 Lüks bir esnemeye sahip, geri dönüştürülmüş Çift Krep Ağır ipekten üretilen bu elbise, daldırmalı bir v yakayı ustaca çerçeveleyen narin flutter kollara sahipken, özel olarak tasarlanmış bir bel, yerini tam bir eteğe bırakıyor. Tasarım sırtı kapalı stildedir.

□ □ □ □

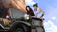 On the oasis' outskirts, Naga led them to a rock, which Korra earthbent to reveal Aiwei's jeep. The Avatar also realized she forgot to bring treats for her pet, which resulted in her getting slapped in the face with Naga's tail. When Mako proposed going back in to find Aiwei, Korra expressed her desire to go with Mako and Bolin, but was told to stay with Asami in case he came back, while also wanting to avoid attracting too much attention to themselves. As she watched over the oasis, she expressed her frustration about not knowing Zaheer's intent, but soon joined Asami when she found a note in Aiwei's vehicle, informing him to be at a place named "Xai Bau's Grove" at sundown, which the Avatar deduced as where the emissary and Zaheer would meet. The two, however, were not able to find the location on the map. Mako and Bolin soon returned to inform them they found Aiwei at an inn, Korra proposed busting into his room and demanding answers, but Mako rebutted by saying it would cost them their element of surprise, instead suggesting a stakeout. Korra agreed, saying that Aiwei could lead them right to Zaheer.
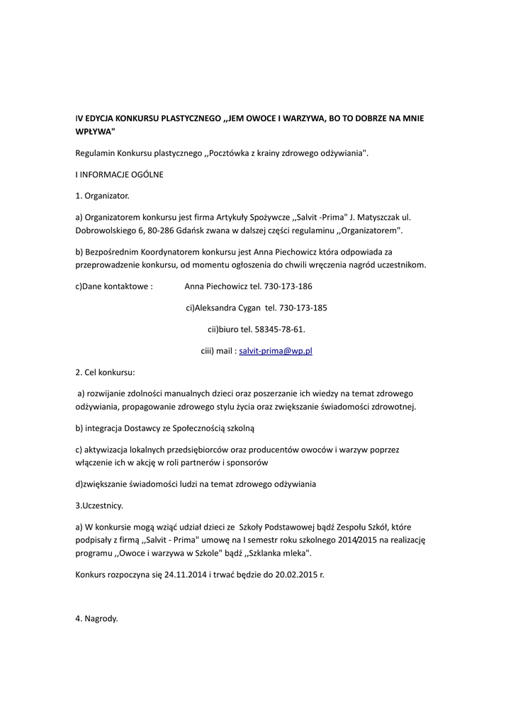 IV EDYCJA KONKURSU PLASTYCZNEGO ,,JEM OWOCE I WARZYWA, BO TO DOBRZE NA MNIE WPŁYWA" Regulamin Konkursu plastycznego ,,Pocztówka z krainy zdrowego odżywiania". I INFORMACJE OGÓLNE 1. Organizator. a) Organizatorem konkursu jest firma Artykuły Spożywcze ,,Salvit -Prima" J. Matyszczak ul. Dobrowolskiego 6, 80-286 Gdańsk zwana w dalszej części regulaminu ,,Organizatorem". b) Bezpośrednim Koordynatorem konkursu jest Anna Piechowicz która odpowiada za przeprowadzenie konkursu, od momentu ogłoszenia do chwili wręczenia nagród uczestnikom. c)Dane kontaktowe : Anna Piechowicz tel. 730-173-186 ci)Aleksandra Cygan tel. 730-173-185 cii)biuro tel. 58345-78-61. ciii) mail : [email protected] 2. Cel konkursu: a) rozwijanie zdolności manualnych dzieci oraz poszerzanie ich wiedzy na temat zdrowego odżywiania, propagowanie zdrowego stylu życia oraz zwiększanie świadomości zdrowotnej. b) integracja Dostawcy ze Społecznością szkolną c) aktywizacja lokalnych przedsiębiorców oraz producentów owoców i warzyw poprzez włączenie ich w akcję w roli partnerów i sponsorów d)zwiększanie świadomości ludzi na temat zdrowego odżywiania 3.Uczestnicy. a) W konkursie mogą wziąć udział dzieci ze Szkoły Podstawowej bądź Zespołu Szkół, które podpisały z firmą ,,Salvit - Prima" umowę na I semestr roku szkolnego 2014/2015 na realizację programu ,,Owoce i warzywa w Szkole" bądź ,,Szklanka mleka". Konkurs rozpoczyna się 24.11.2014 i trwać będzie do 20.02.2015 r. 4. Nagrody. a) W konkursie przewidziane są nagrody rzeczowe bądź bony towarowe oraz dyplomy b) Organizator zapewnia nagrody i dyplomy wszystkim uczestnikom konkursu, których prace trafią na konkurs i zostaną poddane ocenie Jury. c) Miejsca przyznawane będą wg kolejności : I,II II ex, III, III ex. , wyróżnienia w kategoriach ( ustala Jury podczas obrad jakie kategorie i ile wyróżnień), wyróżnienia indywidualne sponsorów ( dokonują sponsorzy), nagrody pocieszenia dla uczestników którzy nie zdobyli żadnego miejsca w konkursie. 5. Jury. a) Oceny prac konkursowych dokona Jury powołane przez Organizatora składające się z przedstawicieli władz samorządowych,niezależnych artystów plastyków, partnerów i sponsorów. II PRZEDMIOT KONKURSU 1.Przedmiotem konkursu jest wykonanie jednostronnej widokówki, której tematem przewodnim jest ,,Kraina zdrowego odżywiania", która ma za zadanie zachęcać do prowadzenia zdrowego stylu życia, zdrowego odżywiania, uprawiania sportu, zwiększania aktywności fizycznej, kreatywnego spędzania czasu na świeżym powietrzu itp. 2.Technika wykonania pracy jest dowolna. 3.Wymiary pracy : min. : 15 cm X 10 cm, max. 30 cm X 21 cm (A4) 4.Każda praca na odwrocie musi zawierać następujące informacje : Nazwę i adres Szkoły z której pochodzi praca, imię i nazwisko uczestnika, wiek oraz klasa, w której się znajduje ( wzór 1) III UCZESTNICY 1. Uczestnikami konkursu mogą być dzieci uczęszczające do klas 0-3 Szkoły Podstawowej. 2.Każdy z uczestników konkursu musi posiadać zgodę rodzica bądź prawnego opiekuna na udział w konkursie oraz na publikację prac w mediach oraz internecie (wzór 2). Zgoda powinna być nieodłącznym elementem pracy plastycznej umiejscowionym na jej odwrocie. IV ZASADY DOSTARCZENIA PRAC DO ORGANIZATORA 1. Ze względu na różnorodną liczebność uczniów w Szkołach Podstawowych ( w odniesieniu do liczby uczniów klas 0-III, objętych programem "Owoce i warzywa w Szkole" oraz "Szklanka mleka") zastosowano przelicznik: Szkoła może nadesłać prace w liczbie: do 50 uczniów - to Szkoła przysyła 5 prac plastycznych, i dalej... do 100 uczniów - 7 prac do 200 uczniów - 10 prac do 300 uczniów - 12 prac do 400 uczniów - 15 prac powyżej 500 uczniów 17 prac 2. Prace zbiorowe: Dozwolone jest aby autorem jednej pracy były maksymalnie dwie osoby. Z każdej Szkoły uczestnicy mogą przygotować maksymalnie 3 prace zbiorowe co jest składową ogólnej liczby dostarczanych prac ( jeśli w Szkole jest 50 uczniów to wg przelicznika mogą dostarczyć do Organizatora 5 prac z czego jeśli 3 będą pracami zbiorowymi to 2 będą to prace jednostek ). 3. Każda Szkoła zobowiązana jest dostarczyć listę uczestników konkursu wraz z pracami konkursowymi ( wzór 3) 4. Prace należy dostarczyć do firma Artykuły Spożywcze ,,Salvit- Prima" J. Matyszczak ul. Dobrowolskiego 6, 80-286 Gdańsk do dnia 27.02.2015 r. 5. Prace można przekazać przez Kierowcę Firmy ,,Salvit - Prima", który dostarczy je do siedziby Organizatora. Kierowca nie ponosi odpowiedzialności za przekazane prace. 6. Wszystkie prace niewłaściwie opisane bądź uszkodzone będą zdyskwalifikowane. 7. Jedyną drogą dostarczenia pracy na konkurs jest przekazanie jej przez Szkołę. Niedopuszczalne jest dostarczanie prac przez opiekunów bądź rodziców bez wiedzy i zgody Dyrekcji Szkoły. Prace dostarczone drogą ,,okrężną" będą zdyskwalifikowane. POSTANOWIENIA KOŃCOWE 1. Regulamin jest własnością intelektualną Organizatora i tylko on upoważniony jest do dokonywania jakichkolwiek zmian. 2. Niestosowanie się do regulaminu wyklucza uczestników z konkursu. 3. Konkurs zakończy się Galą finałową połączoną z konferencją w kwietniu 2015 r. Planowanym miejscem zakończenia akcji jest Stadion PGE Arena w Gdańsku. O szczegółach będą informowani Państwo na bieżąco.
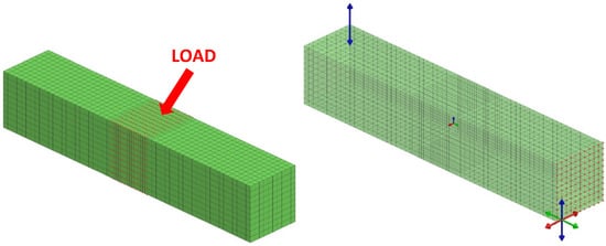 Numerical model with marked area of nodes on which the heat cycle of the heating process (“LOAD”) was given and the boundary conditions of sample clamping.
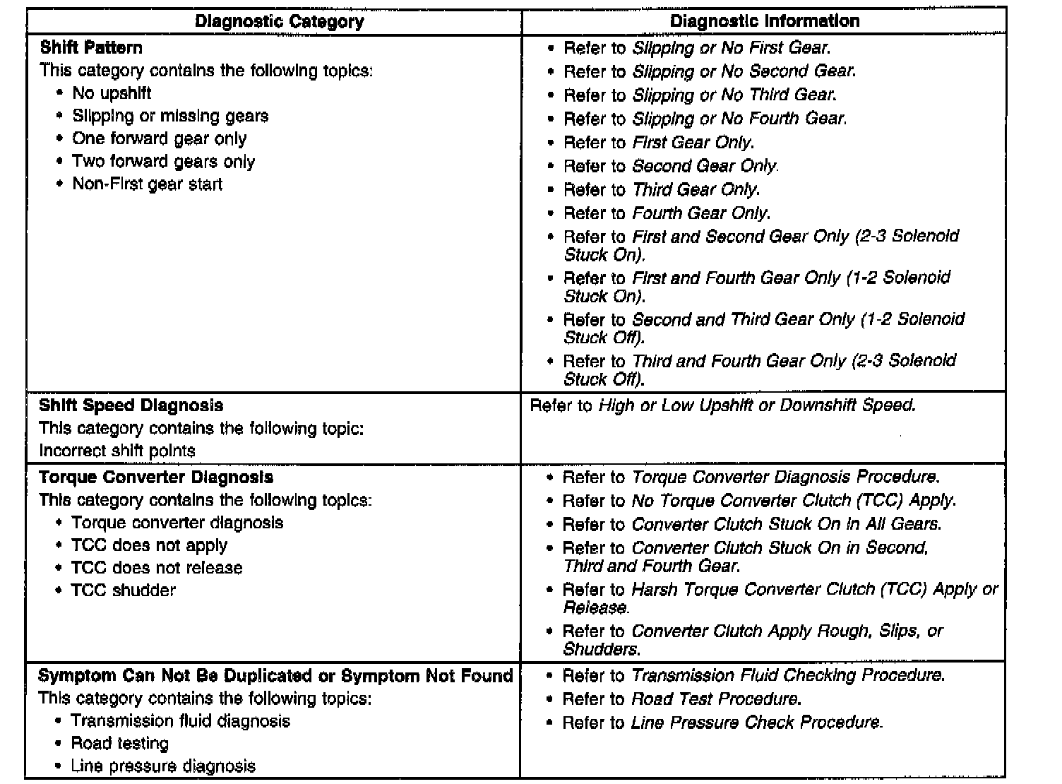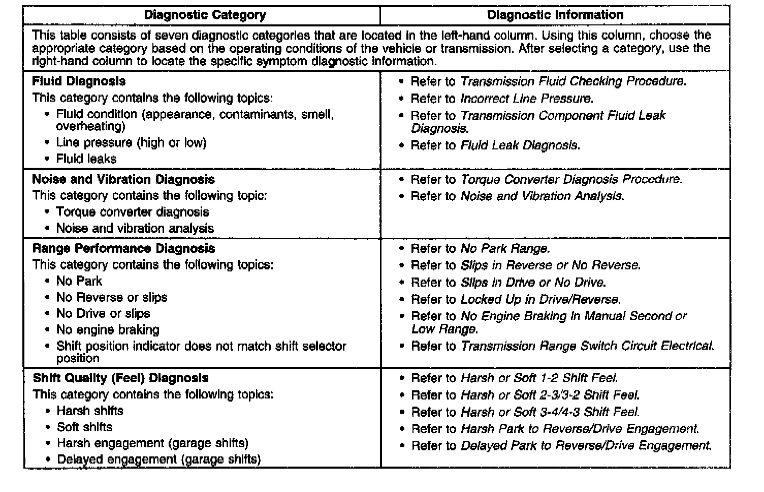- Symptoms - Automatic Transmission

□ □ □ □

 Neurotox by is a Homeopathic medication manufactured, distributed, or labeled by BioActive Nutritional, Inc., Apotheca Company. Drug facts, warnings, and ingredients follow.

□ □ □ □

**What you are asked to do**: Only one stretch of the entries above is needed: the lines from the one containing "Numerical model with" through the one containing "- Symptoms - Automatic Transmission". Copy it exactly, without the pictures.

**Written answer**:
 Numerical model with marked area of nodes on which the heat cycle of the heating process (“LOAD”) was given and the boundary conditions of sample clamping.
- Symptoms - Automatic Transmission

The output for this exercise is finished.